Stored dataset items:
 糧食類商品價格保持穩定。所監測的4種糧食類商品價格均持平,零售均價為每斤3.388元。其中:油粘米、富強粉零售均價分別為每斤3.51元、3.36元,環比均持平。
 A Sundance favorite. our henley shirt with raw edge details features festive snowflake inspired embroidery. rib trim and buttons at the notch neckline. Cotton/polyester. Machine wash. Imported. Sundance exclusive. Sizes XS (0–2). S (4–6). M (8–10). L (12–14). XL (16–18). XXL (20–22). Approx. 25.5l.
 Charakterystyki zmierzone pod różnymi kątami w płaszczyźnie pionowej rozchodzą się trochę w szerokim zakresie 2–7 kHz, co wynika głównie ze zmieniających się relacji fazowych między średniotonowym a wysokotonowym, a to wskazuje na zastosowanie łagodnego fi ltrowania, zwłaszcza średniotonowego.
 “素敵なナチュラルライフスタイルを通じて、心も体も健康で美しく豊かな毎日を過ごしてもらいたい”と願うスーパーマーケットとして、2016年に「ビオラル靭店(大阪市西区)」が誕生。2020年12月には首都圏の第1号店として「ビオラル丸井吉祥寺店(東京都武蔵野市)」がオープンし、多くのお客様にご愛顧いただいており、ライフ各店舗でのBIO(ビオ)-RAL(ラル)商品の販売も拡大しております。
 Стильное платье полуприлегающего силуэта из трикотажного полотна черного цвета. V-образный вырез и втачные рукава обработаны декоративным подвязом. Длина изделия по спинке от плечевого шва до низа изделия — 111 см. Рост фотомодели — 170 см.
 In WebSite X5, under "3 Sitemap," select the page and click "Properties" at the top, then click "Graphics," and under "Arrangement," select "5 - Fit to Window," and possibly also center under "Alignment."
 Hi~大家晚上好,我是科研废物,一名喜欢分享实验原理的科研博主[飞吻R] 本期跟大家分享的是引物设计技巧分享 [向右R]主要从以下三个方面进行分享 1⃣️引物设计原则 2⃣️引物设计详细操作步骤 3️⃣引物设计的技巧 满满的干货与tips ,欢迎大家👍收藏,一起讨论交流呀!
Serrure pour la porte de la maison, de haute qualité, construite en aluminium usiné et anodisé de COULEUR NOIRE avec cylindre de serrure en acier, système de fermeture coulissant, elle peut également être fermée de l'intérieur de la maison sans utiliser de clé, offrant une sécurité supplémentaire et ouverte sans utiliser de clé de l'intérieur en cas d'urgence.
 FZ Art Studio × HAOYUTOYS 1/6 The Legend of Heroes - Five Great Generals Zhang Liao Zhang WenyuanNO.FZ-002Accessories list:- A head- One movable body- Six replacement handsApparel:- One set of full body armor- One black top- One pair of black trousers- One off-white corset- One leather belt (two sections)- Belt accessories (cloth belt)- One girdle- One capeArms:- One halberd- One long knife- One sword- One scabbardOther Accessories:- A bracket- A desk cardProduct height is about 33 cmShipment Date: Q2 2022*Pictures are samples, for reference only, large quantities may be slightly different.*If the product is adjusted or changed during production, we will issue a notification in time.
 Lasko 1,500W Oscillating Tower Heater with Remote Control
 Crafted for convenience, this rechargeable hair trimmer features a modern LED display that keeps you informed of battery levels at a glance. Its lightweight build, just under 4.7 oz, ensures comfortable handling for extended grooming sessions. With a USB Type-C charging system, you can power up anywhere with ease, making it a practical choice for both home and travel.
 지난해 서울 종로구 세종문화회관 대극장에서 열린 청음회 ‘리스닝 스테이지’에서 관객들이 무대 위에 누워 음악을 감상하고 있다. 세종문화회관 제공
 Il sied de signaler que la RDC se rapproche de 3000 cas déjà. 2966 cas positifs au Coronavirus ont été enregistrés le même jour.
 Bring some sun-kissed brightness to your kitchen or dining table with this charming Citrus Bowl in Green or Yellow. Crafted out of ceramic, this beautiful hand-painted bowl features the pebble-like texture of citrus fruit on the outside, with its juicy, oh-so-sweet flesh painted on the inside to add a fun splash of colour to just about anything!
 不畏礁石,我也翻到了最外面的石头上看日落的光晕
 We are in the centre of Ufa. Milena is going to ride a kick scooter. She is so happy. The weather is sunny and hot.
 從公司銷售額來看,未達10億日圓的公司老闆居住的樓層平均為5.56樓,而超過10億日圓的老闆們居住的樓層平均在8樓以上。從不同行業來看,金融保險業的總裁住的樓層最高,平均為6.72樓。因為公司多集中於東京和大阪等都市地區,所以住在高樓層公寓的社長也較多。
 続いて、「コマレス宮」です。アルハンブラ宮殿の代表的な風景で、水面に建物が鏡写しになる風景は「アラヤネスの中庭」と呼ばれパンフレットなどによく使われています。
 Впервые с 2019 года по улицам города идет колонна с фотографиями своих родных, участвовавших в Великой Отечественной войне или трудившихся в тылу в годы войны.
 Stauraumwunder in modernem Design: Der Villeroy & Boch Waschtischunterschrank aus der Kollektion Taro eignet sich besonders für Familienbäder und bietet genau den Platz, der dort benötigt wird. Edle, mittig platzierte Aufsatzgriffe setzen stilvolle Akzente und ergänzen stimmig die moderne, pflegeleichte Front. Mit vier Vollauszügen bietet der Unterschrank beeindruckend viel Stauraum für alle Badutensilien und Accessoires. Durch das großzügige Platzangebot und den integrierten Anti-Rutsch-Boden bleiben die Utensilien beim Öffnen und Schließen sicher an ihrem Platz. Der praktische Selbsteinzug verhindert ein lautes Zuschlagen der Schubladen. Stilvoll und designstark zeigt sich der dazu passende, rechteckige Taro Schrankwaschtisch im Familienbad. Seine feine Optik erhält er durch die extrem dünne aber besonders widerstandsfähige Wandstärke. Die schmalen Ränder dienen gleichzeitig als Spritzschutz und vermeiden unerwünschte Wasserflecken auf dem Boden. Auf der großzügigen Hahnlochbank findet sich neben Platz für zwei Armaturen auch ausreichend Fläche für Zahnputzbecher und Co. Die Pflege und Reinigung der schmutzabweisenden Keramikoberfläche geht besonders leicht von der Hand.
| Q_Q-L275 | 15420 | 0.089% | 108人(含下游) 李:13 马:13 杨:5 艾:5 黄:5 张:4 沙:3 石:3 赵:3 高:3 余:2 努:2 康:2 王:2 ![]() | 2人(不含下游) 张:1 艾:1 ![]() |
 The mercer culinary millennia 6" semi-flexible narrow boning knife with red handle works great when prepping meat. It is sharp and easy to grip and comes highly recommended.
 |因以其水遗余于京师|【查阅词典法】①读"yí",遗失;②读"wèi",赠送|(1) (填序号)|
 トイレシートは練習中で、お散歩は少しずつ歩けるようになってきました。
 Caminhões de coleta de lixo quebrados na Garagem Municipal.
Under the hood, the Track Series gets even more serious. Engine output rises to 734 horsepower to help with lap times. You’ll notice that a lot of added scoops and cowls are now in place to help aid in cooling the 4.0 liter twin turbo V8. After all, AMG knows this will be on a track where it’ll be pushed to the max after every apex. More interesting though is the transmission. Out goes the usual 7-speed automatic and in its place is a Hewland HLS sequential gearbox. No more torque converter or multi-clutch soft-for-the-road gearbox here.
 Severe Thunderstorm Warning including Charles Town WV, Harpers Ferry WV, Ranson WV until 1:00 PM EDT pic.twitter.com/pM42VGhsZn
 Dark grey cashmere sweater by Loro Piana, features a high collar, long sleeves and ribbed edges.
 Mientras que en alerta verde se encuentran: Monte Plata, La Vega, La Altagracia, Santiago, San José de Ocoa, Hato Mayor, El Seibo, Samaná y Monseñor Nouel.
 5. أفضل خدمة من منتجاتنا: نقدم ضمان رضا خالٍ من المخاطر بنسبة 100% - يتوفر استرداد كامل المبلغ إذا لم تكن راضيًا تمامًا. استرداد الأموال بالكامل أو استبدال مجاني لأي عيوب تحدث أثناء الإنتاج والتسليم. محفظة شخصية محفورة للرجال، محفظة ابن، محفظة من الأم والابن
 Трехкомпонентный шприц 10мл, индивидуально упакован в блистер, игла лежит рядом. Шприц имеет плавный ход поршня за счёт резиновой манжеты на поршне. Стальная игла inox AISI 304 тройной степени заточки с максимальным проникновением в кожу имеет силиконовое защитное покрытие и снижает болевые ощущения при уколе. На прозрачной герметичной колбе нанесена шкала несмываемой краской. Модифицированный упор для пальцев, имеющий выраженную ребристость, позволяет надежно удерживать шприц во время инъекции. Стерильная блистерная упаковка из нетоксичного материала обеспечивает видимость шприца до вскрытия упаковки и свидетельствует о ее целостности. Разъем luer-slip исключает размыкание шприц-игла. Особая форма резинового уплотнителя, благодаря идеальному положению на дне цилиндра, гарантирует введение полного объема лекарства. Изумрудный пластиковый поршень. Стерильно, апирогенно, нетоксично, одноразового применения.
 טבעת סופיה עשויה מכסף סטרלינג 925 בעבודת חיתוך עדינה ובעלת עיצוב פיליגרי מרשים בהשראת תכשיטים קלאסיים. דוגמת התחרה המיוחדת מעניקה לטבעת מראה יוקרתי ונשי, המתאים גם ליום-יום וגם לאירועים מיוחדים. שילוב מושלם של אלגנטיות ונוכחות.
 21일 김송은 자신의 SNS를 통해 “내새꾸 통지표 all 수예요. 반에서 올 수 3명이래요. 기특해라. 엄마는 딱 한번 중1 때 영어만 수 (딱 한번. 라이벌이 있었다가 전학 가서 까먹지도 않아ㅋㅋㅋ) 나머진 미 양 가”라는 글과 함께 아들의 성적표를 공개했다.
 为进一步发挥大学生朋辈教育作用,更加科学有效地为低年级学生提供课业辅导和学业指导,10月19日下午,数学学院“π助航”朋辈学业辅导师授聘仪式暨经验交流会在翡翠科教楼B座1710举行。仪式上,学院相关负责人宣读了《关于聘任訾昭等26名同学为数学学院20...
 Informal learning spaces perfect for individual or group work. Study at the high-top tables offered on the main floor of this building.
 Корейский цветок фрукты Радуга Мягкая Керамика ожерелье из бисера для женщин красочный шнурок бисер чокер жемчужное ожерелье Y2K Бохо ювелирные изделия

What to produce: All that is wanted is a faithful reproduction of the line above with "Bring some sun-kissed", the line with "Впервые с 2019", and every line in between.

Response to the task:
 Bring some sun-kissed brightness to your kitchen or dining table with this charming Citrus Bowl in Green or Yellow. Crafted out of ceramic, this beautiful hand-painted bowl features the pebble-like texture of citrus fruit on the outside, with its juicy, oh-so-sweet flesh painted on the inside to add a fun splash of colour to just about anything!
 不畏礁石,我也翻到了最外面的石头上看日落的光晕
 We are in the centre of Ufa. Milena is going to ride a kick scooter. She is so happy. The weather is sunny and hot.
 從公司銷售額來看,未達10億日圓的公司老闆居住的樓層平均為5.56樓,而超過10億日圓的老闆們居住的樓層平均在8樓以上。從不同行業來看,金融保險業的總裁住的樓層最高,平均為6.72樓。因為公司多集中於東京和大阪等都市地區,所以住在高樓層公寓的社長也較多。
 続いて、「コマレス宮」です。アルハンブラ宮殿の代表的な風景で、水面に建物が鏡写しになる風景は「アラヤネスの中庭」と呼ばれパンフレットなどによく使われています。
 Впервые с 2019 года по улицам города идет колонна с фотографиями своих родных, участвовавших в Великой Отечественной войне или трудившихся в тылу в годы войны.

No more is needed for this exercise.